DATA SUPPLIED:
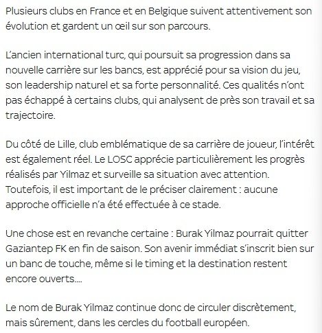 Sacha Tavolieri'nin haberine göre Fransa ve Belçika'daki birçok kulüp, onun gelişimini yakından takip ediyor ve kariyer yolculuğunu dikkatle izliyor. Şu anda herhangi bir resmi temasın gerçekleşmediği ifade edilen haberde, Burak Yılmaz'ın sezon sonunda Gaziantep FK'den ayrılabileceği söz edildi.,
* * *
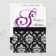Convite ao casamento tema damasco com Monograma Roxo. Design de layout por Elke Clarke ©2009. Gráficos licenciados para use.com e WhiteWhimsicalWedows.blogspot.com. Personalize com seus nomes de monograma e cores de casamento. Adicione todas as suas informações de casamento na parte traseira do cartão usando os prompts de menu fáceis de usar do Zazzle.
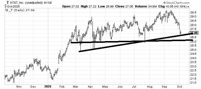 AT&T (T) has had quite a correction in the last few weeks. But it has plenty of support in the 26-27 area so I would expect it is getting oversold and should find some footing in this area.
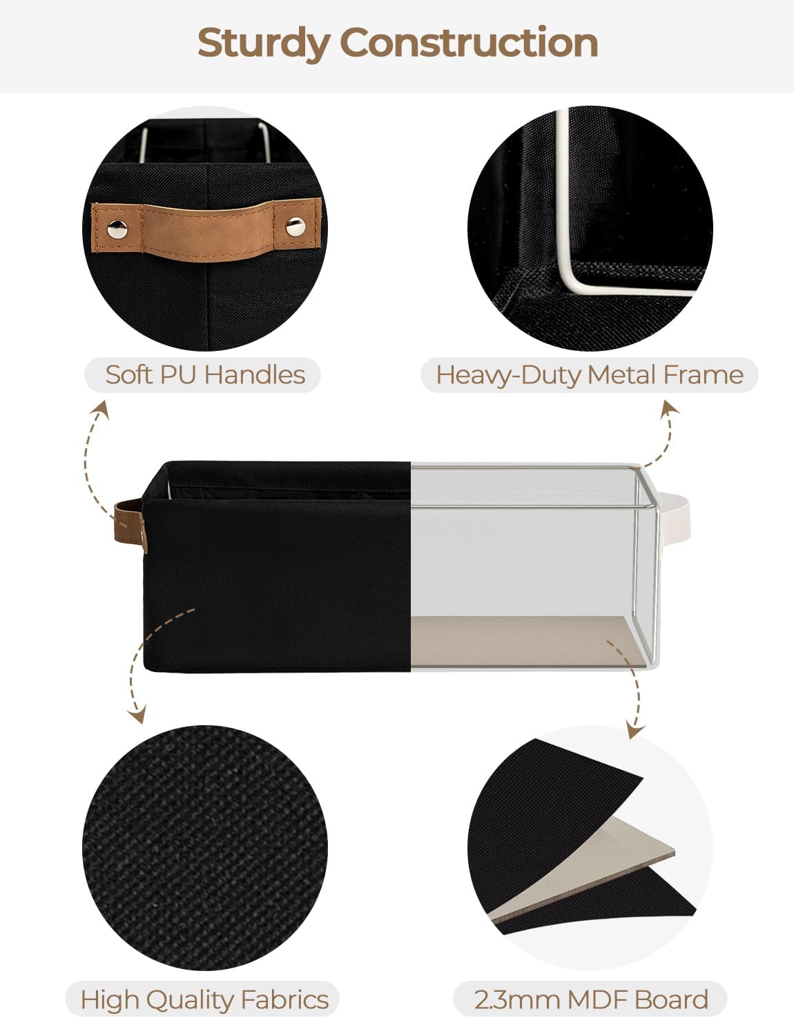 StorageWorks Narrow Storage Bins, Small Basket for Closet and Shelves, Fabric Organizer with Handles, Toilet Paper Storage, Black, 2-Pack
==
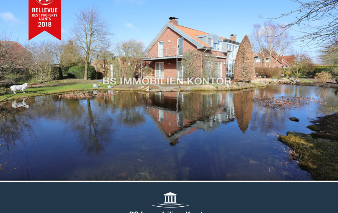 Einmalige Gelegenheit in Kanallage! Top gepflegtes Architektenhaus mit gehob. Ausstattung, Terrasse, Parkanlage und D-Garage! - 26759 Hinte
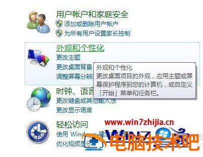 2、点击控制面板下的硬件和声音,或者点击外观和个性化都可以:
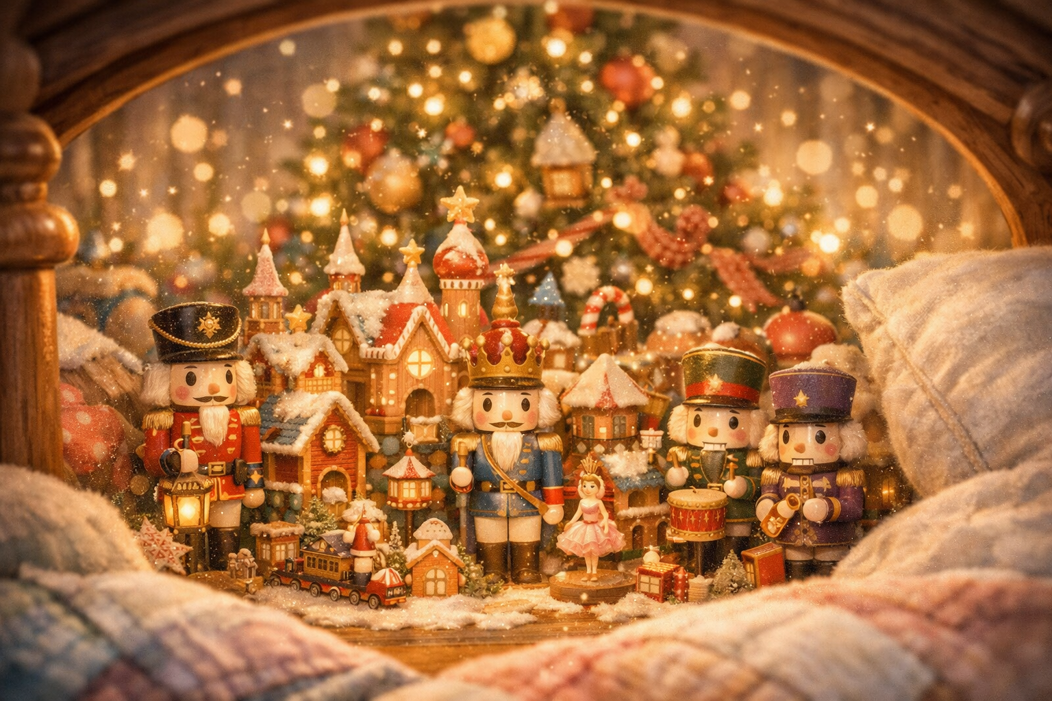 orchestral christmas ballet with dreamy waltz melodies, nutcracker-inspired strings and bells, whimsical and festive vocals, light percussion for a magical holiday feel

TASK TO COMPLETE: Using the records above, repeat exactly the run of lines that starts with the line with "AT&T (T) has" and goes on through the line with "StorageWorks Narrow Storage"; omit each picture.

SOLUTION BELOW:
 AT&T (T) has had quite a correction in the last few weeks. But it has plenty of support in the 26-27 area so I would expect it is getting oversold and should find some footing in this area.
 StorageWorks Narrow Storage Bins, Small Basket for Closet and Shelves, Fabric Organizer with Handles, Toilet Paper Storage, Black, 2-Pack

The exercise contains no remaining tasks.